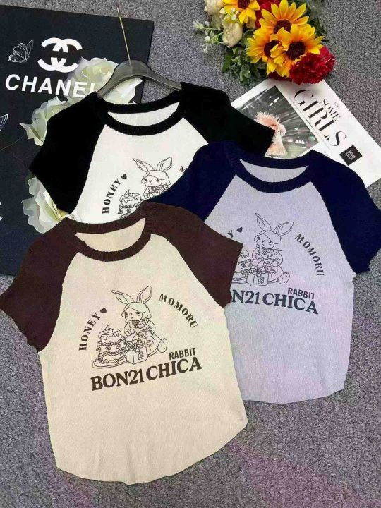 夏季新款美式撞色插肩复古卡通水印花针织短袖T桖,独立包装,均码面料柔软舒适弹力大,140件,全清5.9元超低价秒杀!
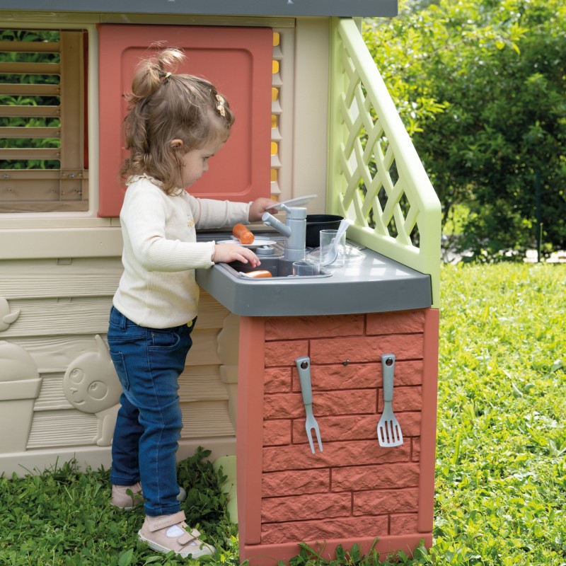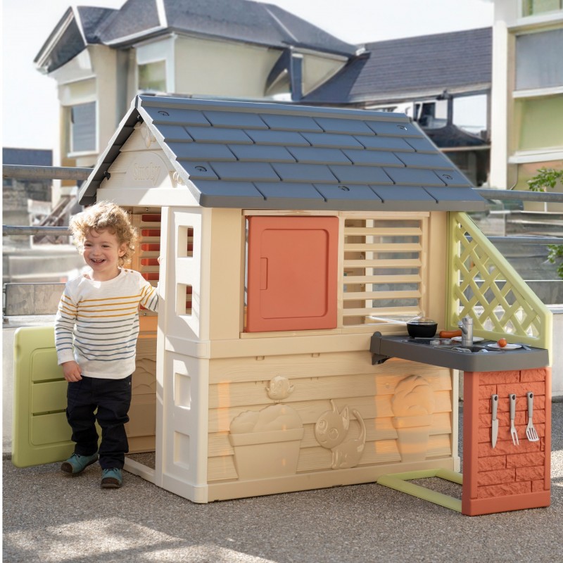 Smoby Domek ogrodowy Nature z kuchnią to doskonałe miejsce do wspólnej zabawy na świeżym powietrzu. Dzięki przestronnej konstrukcji, maluchy mogą zaprosić przyjaciół i cieszyć się wspólną zabawą w ogrodzie. Jego stonowane kolory sprawiają, że idealnie wpasowuje się w każdą przestrzeń, tworząc harmonijną atmosferę w Twoim ogrodzie.
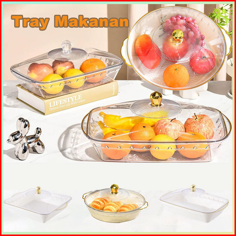 Aesthetic Dengan Tutup Wadah Buah Tempat Roti Wadah Saji Tray Makanan Nampan Saji Transparan
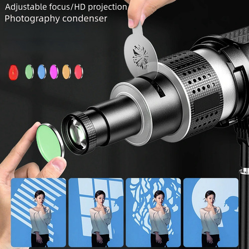 [MULTIFUNCIONAL]: Em primeiro lugar, o design do anel de foco pode tornar a projeção clara. E outra função importante é que você pode obter a projeção de um ponto para outro alterando manualmente o tamanho da abertura. Muito adequado para fotógrafos fotografarem retratos e produtos.
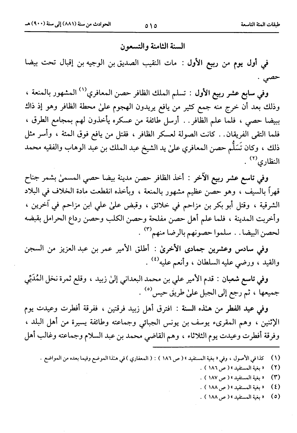 وفي سابع عشر ربيع الأول: تسلم الملك الظافر حصن المعافري (1) المشهور بالمنعة، وذلك بعد أن خرج منه جمع كثير من يافع يريدون الهجوم على محطة الظافر وهو إذ ذاك ببيضا حصي، فلما علم الظافر .. أرسل طائفة من عسكره يأخذون لهم بمجامع الطرق، فلما التقى الفريقان .. كانت الصولة لعسكر الظافر، فقتل من يافع فوق المائة، وأسر مثل ذلك، وكان تسلّم حصن المعافري على يد الشيخ عبد الملك بن عبد الوهاب والفقيه محمد النظاري (2).
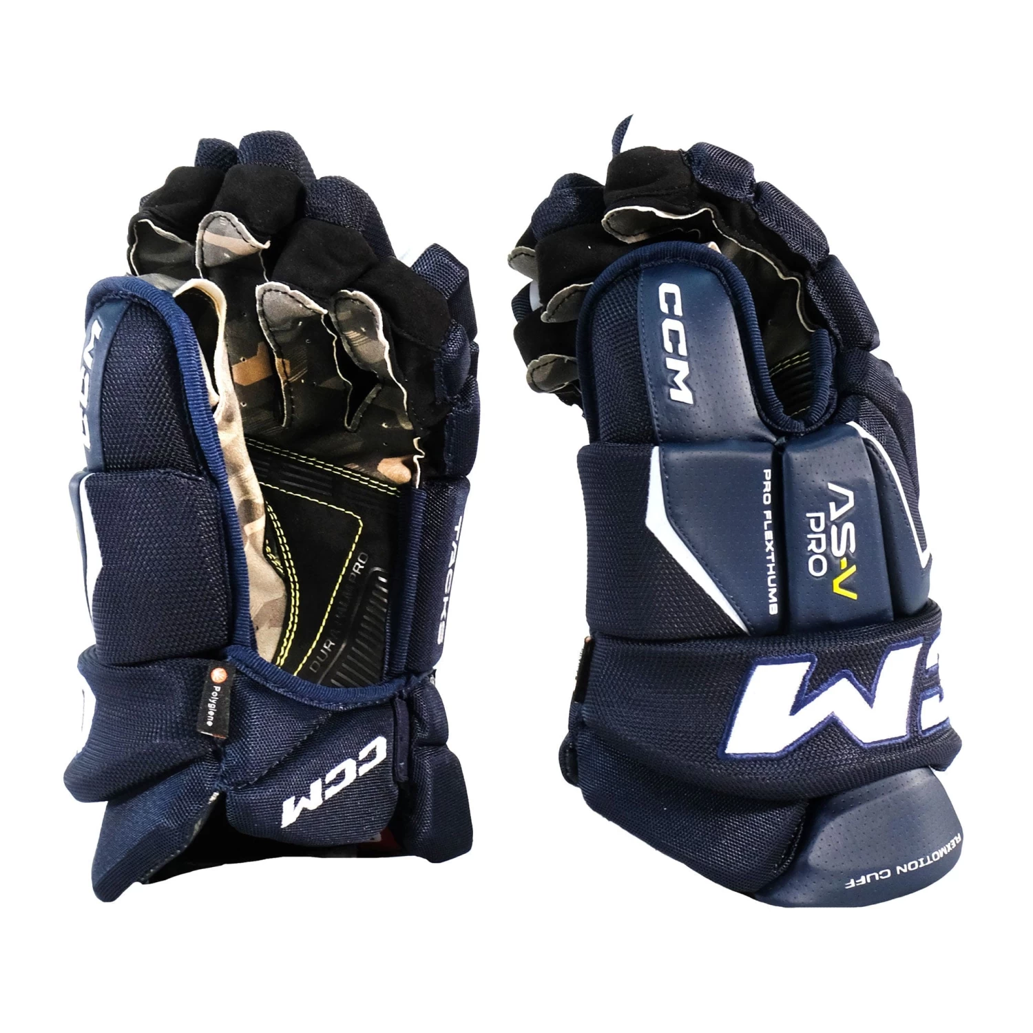 CCM included many features in their AS-V Pro palm. The palm is not only made of AX Suede synthetic leather material, but it has also been reinforced with a Dura-Palm Pro material, keeping it from early wear and tear. The palm is tacky, which helps keep it attached to your stick while you play, with less effort required from you.
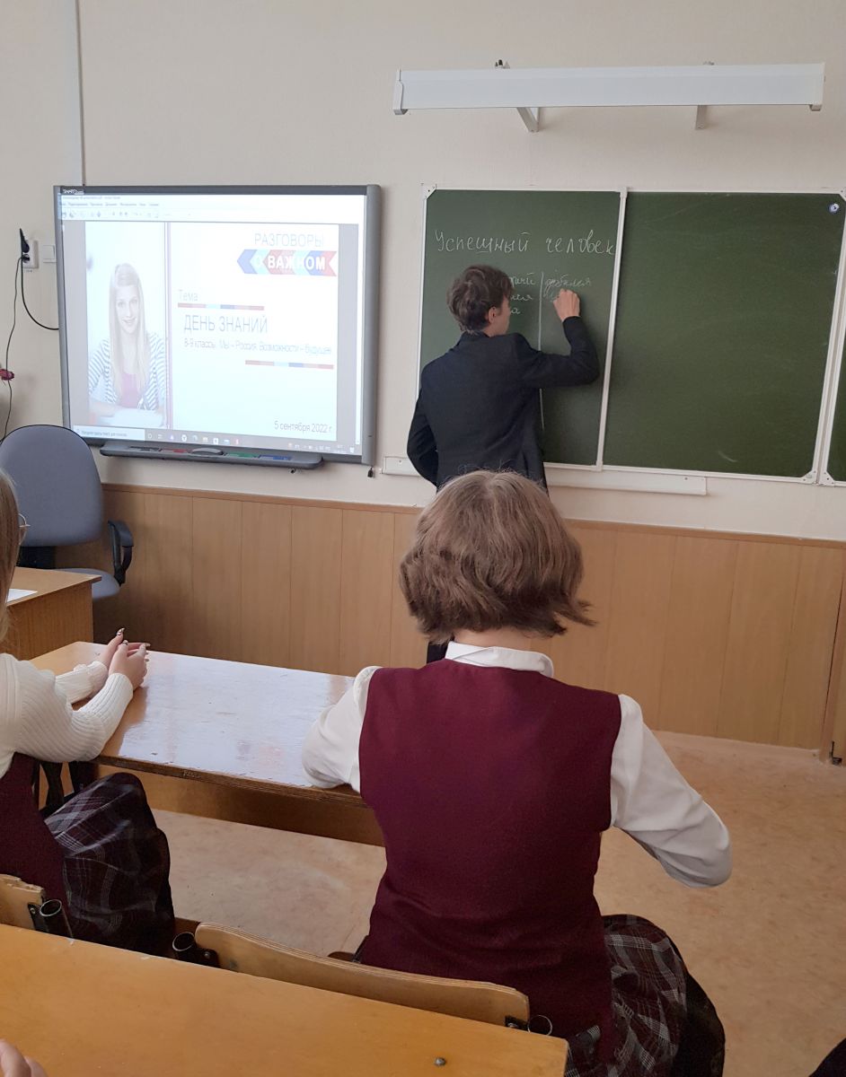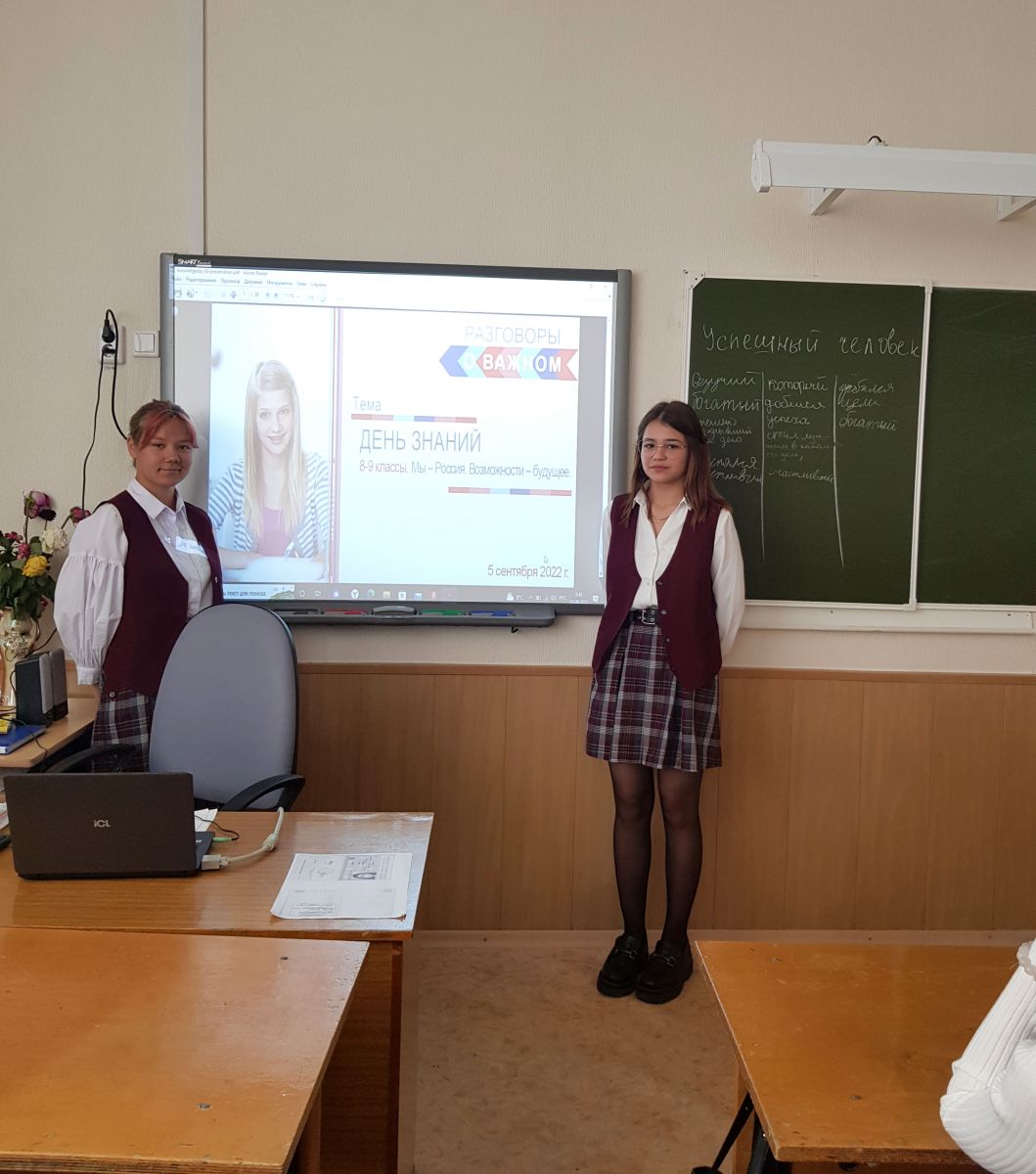 5.09.2022 в 9а классе прошло первое внеурочно занятие из цикла "Разговор о важном" по теме "Мы - Россия. Возможности - будущее". На данном мероприятии ученики поразмышляли о будущем, о возможностях, которые сегодня есть у каждого, чтобы стать успешнее. Ребята познакомились с проектами платформы «Россия – страна возможностей», а также обсудили подробно одно из направлений "Всероссийская олимпиада школьников", куда учащимся уже предстоит окунуться в ближайшее время.
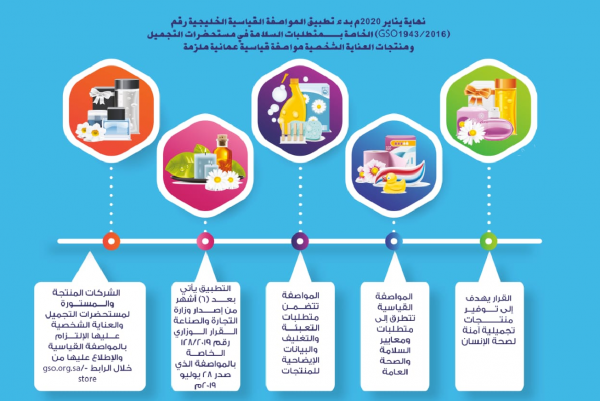 وأوضحتْ إخصائية ضبط جودة المنتجات الكيميائية أنَّ المُواصفة القياسية تطرقت لمُتطلبات ومعايير السلامة العامة؛ ومنها: أن تكون مستحضرات التجميل ومنتجات العناية الشخصية خالية من الخنزير ومشتقاته، وخالية من أي مواد غير نظيفة أو متحللة، وأن تكون متجانسة ومستقرة، ولا تتغيَّر خصائصها خلال مدة صلاحيتها عند تخزينها واستخدامها وفقا للتعليمات. وأضافت: تضمَّنت المواصفة مُتطلبات التعبئة والتغليف والبيانات الإيضاحية الواجب توافرها في جميع مستحضرات التجميل ومنتجات العناية الشخصية واشتملت على قائمة توضيحية بالمنتجات الخاضعة لهذه المواصفة.
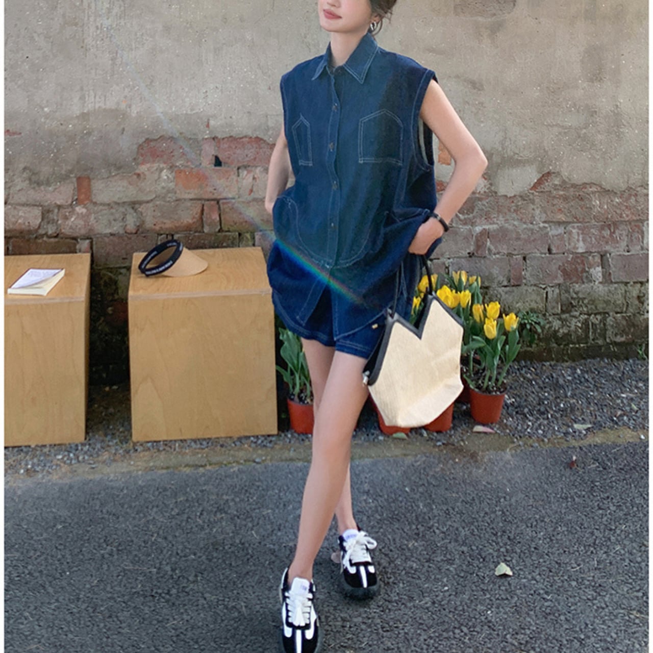 デイリーユースに最適なノースリーブデニムセットアップ
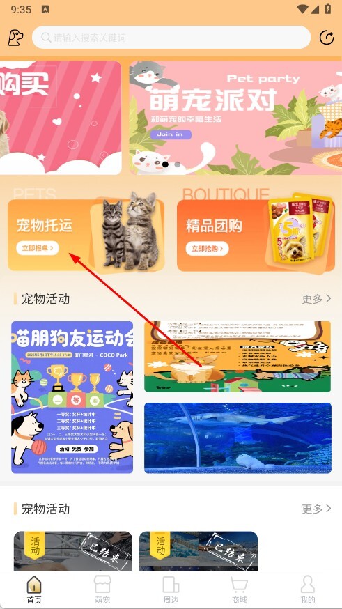3、活动医疗参与:关注平台活动板块,选择适合宠物的聚会或训练活动报名,宠物需医疗服务时,在线预约合作医院,按预约时间带宠物前往就诊即可。
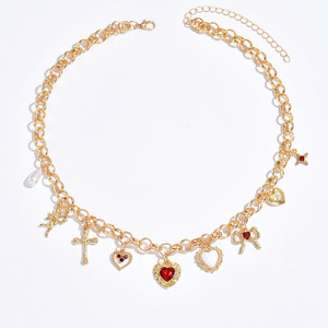 十字架吊坠批发欧美跨境时尚夸张爱心项链女甜美蝴蝶结仿珍珠颈链
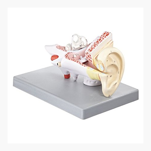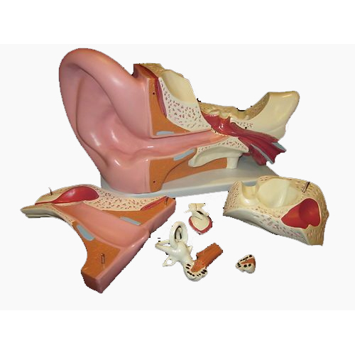 3X life size. The model shows the external, middle and inner ear. The eardrum with malleus, incus and stapes are removable. The other removable parts are composed of: cochlea and labyrinth with vestibular and cochlear nerves, 2 bone sections that define the middle and inner ear.
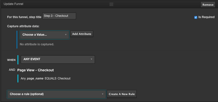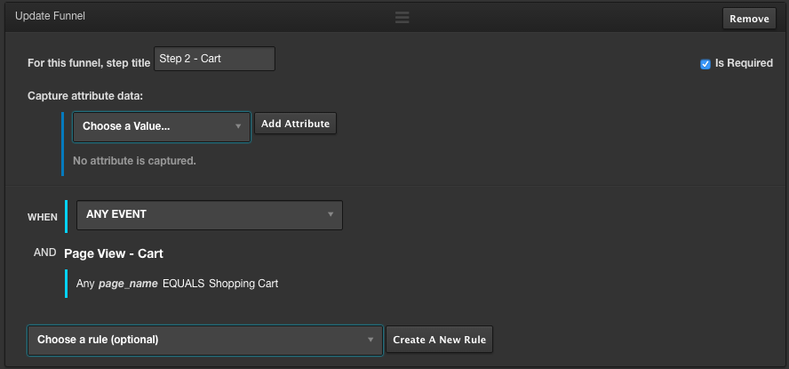 このエンリッチメントを使用して、ファネル内のステップを作成します。ファネルステップを追加するにつれて、リストの一番上に表示されるステップがファネル内の最初のステップであり、一番下に表示されるステップが最後(必須)のステップです。新しいステップはリストの一番上に追加されます。
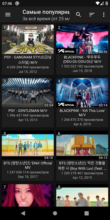 Вы также можете просмотреть наиболее просматриваемые K-POP музыкальные клипы за все время (выберите «Самые популярные» в навигационном меню)

• Directions for this task: Since the listing holds pictures, return everything else in it exactly and omit those.

• Response to this task:
 夏季新款美式撞色插肩复古卡通水印花针织短袖T桖,独立包装,均码面料柔软舒适弹力大,140件,全清5.9元超低价秒杀!
 Smoby Domek ogrodowy Nature z kuchnią to doskonałe miejsce do wspólnej zabawy na świeżym powietrzu. Dzięki przestronnej konstrukcji, maluchy mogą zaprosić przyjaciół i cieszyć się wspólną zabawą w ogrodzie. Jego stonowane kolory sprawiają, że idealnie wpasowuje się w każdą przestrzeń, tworząc harmonijną atmosferę w Twoim ogrodzie.
 Aesthetic Dengan Tutup Wadah Buah Tempat Roti Wadah Saji Tray Makanan Nampan Saji Transparan
 [MULTIFUNCIONAL]: Em primeiro lugar, o design do anel de foco pode tornar a projeção clara. E outra função importante é que você pode obter a projeção de um ponto para outro alterando manualmente o tamanho da abertura. Muito adequado para fotógrafos fotografarem retratos e produtos.
 وفي سابع عشر ربيع الأول: تسلم الملك الظافر حصن المعافري (1) المشهور بالمنعة، وذلك بعد أن خرج منه جمع كثير من يافع يريدون الهجوم على محطة الظافر وهو إذ ذاك ببيضا حصي، فلما علم الظافر .. أرسل طائفة من عسكره يأخذون لهم بمجامع الطرق، فلما التقى الفريقان .. كانت الصولة لعسكر الظافر، فقتل من يافع فوق المائة، وأسر مثل ذلك، وكان تسلّم حصن المعافري على يد الشيخ عبد الملك بن عبد الوهاب والفقيه محمد النظاري (2).
 CCM included many features in their AS-V Pro palm. The palm is not only made of AX Suede synthetic leather material, but it has also been reinforced with a Dura-Palm Pro material, keeping it from early wear and tear. The palm is tacky, which helps keep it attached to your stick while you play, with less effort required from you.
 5.09.2022 в 9а классе прошло первое внеурочно занятие из цикла "Разговор о важном" по теме "Мы - Россия. Возможности - будущее". На данном мероприятии ученики поразмышляли о будущем, о возможностях, которые сегодня есть у каждого, чтобы стать успешнее. Ребята познакомились с проектами платформы «Россия – страна возможностей», а также обсудили подробно одно из направлений "Всероссийская олимпиада школьников", куда учащимся уже предстоит окунуться в ближайшее время.
 وأوضحتْ إخصائية ضبط جودة المنتجات الكيميائية أنَّ المُواصفة القياسية تطرقت لمُتطلبات ومعايير السلامة العامة؛ ومنها: أن تكون مستحضرات التجميل ومنتجات العناية الشخصية خالية من الخنزير ومشتقاته، وخالية من أي مواد غير نظيفة أو متحللة، وأن تكون متجانسة ومستقرة، ولا تتغيَّر خصائصها خلال مدة صلاحيتها عند تخزينها واستخدامها وفقا للتعليمات. وأضافت: تضمَّنت المواصفة مُتطلبات التعبئة والتغليف والبيانات الإيضاحية الواجب توافرها في جميع مستحضرات التجميل ومنتجات العناية الشخصية واشتملت على قائمة توضيحية بالمنتجات الخاضعة لهذه المواصفة.
 デイリーユースに最適なノースリーブデニムセットアップ
3、活动医疗参与:关注平台活动板块,选择适合宠物的聚会或训练活动报名,宠物需医疗服务时,在线预约合作医院,按预约时间带宠物前往就诊即可。
 十字架吊坠批发欧美跨境时尚夸张爱心项链女甜美蝴蝶结仿珍珠颈链
 3X life size. The model shows the external, middle and inner ear. The eardrum with malleus, incus and stapes are removable. The other removable parts are composed of: cochlea and labyrinth with vestibular and cochlear nerves, 2 bone sections that define the middle and inner ear.
 このエンリッチメントを使用して、ファネル内のステップを作成します。ファネルステップを追加するにつれて、リストの一番上に表示されるステップがファネル内の最初のステップであり、一番下に表示されるステップが最後(必須)のステップです。新しいステップはリストの一番上に追加されます。
 Вы также можете просмотреть наиболее просматриваемые K-POP музыкальные клипы за все время (выберите «Самые популярные» в навигационном меню)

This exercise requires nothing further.